Gubernur Kalsel Raih Penghargaan Nasional Pembina Terbaik Pengelolaan Sampah 2026

Wagub H. Hasnuryadi Sulaiman Saat Mewakili Gubernur Kalsel Menerima Penghargaan Nasional PembinaTerbaik Kabupaten/Kota dalam Kinerja Pengelolaan Sampah Tahun 2026. - (Foto : Adetia Nafarin/Biro Adpim)

JURNALKALIMANTAN.COM, JAKARTA – Prestasi membanggakan kembali ditorehkan Pemerintah Provinsi Kalimantan Selatan. Gubernur Kalsel, H. Muhidin, meraih penghargaan nasional sebagai Pembina Terbaik Kabupaten/Kota dalam Kinerja Pengelolaan Sampah Tahun 2026.

Penghargaan tersebut diserahkan langsung oleh Menteri Lingkungan Hidup, Hanif Faisol Nurofiq, dalam acara Rapat Koordinasi Nasional (Rakornas) Pengelolaan Sampah 2026 yang digelar di Gedung Balai Kartini, Rabu (25/2/2026).

Penghargaan itu diterima oleh Wakil Gubernur Kalsel, Hasnuryadi Sulaiman, mewakili Gubernur H. Muhidin, bersama empat bupati se-Kalsel.

“Alhamdulillah, hari ini ulun mewakili Bapak Gubernur H. Muhidin menerima penghargaan dari Menteri Lingkungan Hidup atas keberhasilan beliau sebagai Pembina Terbaik menuju Kabupaten/Kota Bersih se-Kalsel,” ujar Hasnuryadi.

Wagub menegaskan, penghargaan ini menjadi motivasi bagi seluruh kabupaten/kota di Kalsel untuk terus memperkuat komitmen menciptakan lingkungan bersih dan bebas sampah.

Ia juga mengajak seluruh masyarakat Banua mendukung program pengelolaan sampah sejalan dengan arahan Presiden Prabowo Subianto menuju Indonesia ASRI (Aman, Sehat, Resik dan Indah).

Pada peringatan Hari Sampah Nasional 2026, tercatat empat kabupaten di Kalsel menerima penghargaan, yakni Tanah Bumbu, Hulu Sungai Selatan, Hulu Sungai Tengah, dan Tabalong.
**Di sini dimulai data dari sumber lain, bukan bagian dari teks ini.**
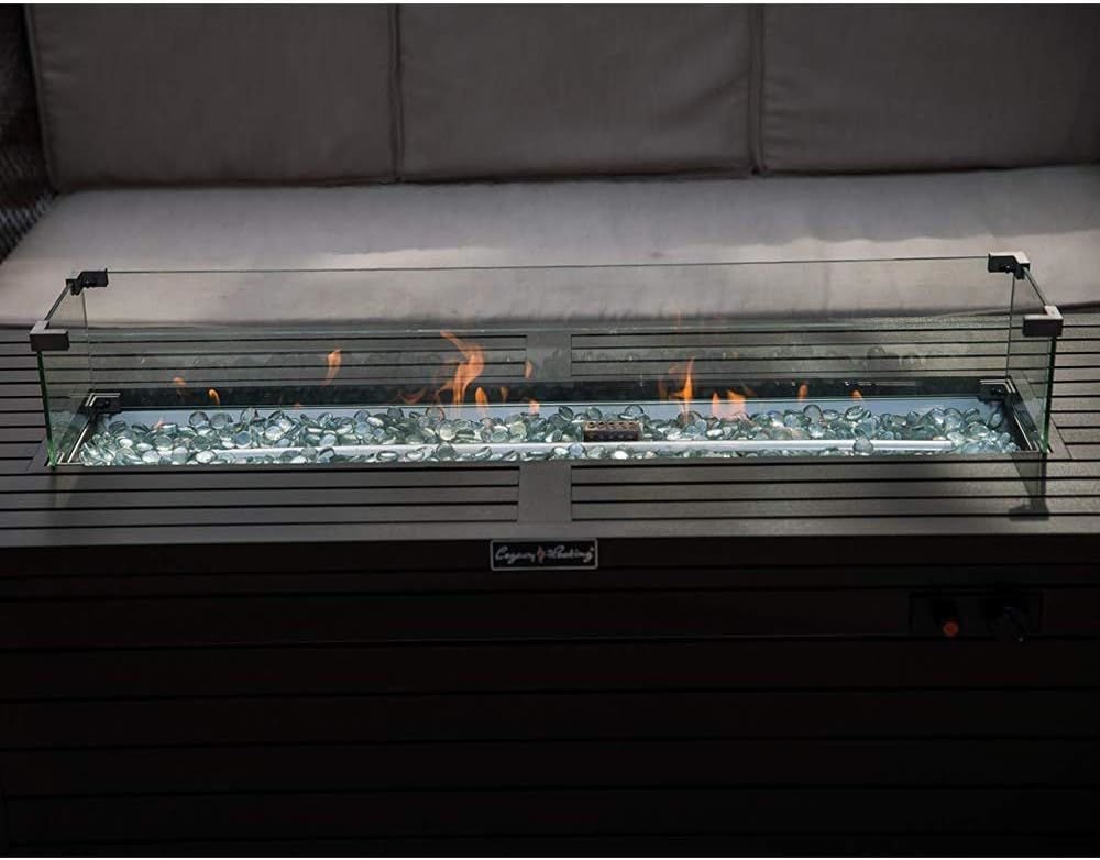 LEGACY HEATING Fire Pit Table Wind Guard, 38.1 x 10.6 x 5.9 Inch Rectangular Glass Wind Guard, Clear Tempered Glass Flame Guard, with Aluminum Alloy B

Pemprov berharap tahun mendatang seluruh kabupaten/kota di Kalsel mampu meraih penghargaan serupa sebagai bukti komitmen bersama.

Dalam sambutannya, Menteri Hanif menegaskan bahwa Indonesia saat ini berada dalam kondisi darurat sampah. Produksi sampah nasional mencapai 141 ribu ton per hari, menjadi tantangan besar yang harus diselesaikan bersama.

Target pengelolaan sampah nasional tahun 2026 yang ditetapkan Bappenas sebesar 63 persen, meningkat signifikan dari capaian saat ini yang masih berada di angka 25 persen.

Selain itu, pemerintah menargetkan pada 2029 praktik open dumping di Tempat Pembuangan Akhir (TPA) harus dihentikan. Saat ini masih terdapat 481 TPA di Indonesia yang menggunakan metode tersebut.

Rakornas Pengelolaan Sampah 2026 yang mengusung tema Kolaborasi untuk Indonesia ASRI turut menghadirkan sejumlah menteri Kabinet Merah Putih sebagai keynote speaker, di antaranya:

Zulkifli Hasan
Tito Karnavian
Wihaji
Riza Patria

Rakornas ini bertujuan mendorong percepatan penyelesaian persoalan sampah secara masif dari hulu hingga hilir, serta dihadiri para gubernur, bupati, dan wali kota se-Indonesia.

Penghargaan yang diraih Gubernur H. Muhidin menjadi bukti nyata komitmen Kalimantan Selatan dalam mewujudkan daerah yang bersih, sehat, dan berkelanjutan.